If the forces of history provided fertile circumstances for the growth of what became a widespread rebellion by Jews against the Torah, certain highly proactive individuals devoted their lives to fomenting and spreading this rebellion until it became an international phenomenon. Up until the end of the 18th century there had only been one kind of Judaism, as codified in the Shulchan Aruch. The 19th century saw the rise of “Reform” Judaism, which sanctioned violation of the laws of the Sabbath, diet, marriage, conversion and many others. A succession of other breakaways followed, all calling themselves “Jewish”, causing the authentic Judaism of the Talmud to be labeled “Orthodox” – as if it was just one more brand on the shelf of the ideological supermarket surrounded by equal competitors.
Return to the Land
The return of the exiled Israelites to their ancestral land and the rebuilding of the Holy Temple had been a central theme in all the daily and seasonal prayers. But it was only from the Middle Ages onwards that the possibility of physically returning to the Land started to become a reality for some highly determined rabbis and other saintly individuals. The numbers steadily increased, particularly after the expulsion of the Jews from Spain in 1492. The Shulchan Aruch itself had been written in the town of Safed, which by the mid 1500’s was a major center. In the mid-to-late 1700’s outstanding leaders, notably Rabbi Israel Baal Shem Tov, founder of the Chassidic movement, and Rabbi Elijah, the “Gaon” (Luminary) of Vilna, urged their followers to move to Eretz Israel.

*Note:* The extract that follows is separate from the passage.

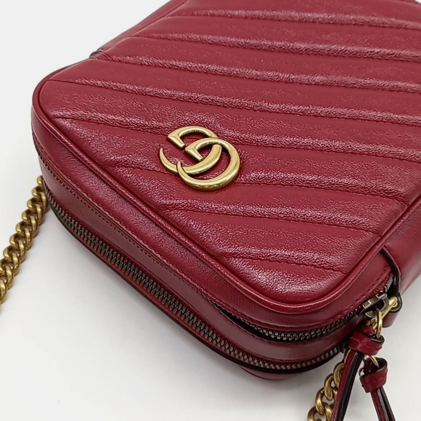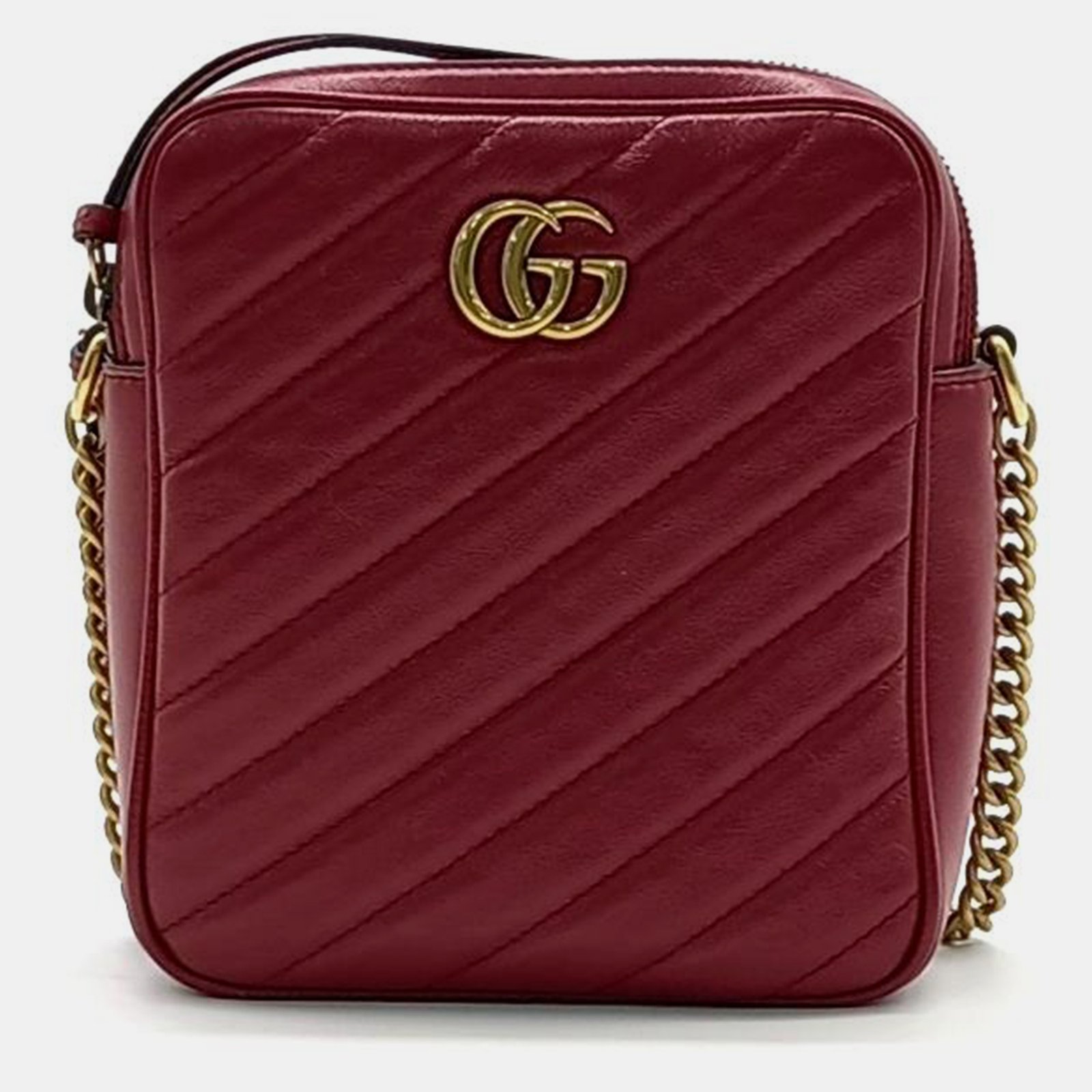 Gucci Burgundy Leather Marmont Chain Crossbody Bag

For all of these returnees to the Land, the purpose was to rectify the sins of the past and create a new future through practicing the Torah in the fullest way possible with complete adherence to its law and spirit.
By the 1800’s, however, even those European Jews who had fled their ancestral religion were discovering that it was by no means so easy to escape the stigma of Jewish descent and the anti-Semitism it evoked among the non-Jews with whom they wanted to assimilate. The anti-Semitism experienced by Theodore Hertzl prompted him to devise a new solution to the problem: a Jewish State in the ancestral land of Israel.

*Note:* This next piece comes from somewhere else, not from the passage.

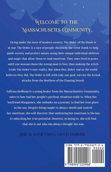 A fast-paced new adult urban romantasy with a unique magic system, mythical creatures, a strong community family, spice, a chosen one, battle scenes, uncovered secrets, light vs. dark, and "who hurt you?". Welcome to the Massachusetts Community. Living under the nose of modern society, The Order of the Hawk is at war. The Order is a race of people chosen by the Great Hawk to help guide society and protect nature using their unique individual abilities and magic that allow them to read emotions. They once lived in peace until one woman chose the wrong man to love, thus making the witch trials…mehr

The difference between Hertzl’s vision of life in Israel and that of the Baal Shem Tov and the Gaon of Vilna was that Hertzl’s did not require adherence to the Torah. The Zionist movement which Hertzl founded to actualize his dream borrowed certain Torah concepts and ideals but its dominant secular wing emptied them of all their religious significance.
The State of Israel
Thus the State which the Zionists established took for itself the name of “Israel” but did not take the Torah of Israel as the foundation of its laws and government. This made leading Rabbis deeply skeptical and in certain cases adamantly opposed to the State. Initially the “Law of Return” granting Israeli citizenship to all returning Jews adopted a somewhat orthodox definition of “Who is a Jew?”, but in recent years the law been stretched to grant citizenship to hundreds of thousands of immigrants from the former Soviet Union who are not remotely Jewish according to Torah law.

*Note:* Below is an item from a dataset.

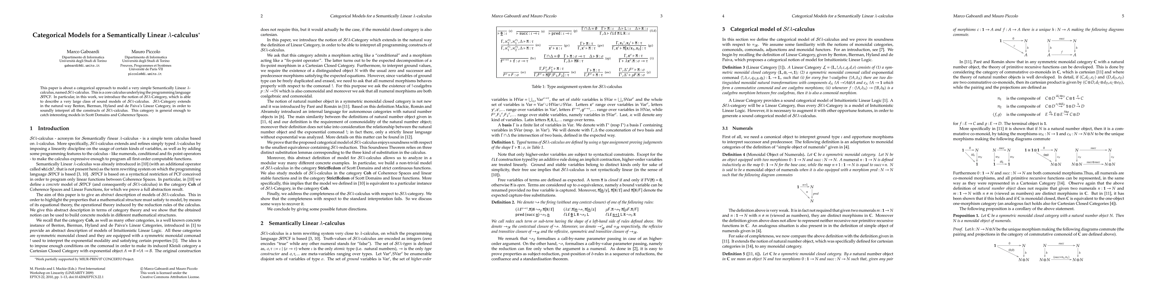 This paper is about a categorical approach to model a very simple Semantically Linear lambda calculus, named Sll-calculus. This is a core calculus underlying the programming language SlPCF. In particular, in this work, we introduce the notion of Sll-Category, which is able to describe a very large class of sound models of Sll-calculus. Sll-Category extends in the natural way Benton, Bierman, Hyland and de Paiva's Linear Category, in order to soundly interpret all the constructs of Sll-calculus. This category is general enough to catch interesting models in Scott Domains and Coherence Spaces.

When the State of Israel was established in 1948, the balance between Torah-observant and non-observant Jews in its population was reflected in what was known as the Status Quo, a nebulous, unwritten and barely defined “consensus”. For example, it left those wishing to violate the Sabbath free to do so privately, while existing municipal arrangements forbidding the operation of businesses, cafes, places of entertainment, public transportation etc. were supposed to remain in force and be respected.
The perception of Torah observant Jews in Israel today is that this Status Quo has been largely if not totally undermined by secular forces in the country with the backing of the Supreme Court. These secular forces, which control the monopoly state-controlled radio and TV as well as the main “independent” media, have succeeded in defining the character of the State, its goals and ideals, as strictly secular. At the same time, those who continue to observe the Torah, whether DATI (“religious”) or HAREDI (“ultra-orthodox”), have been increasingly marginalized and aggressively demonized to the point of being perceived as fanatical extremists. The secularist campaign against the Torah and its followers is as fierce as those waged by Jeraboam and Jezebel.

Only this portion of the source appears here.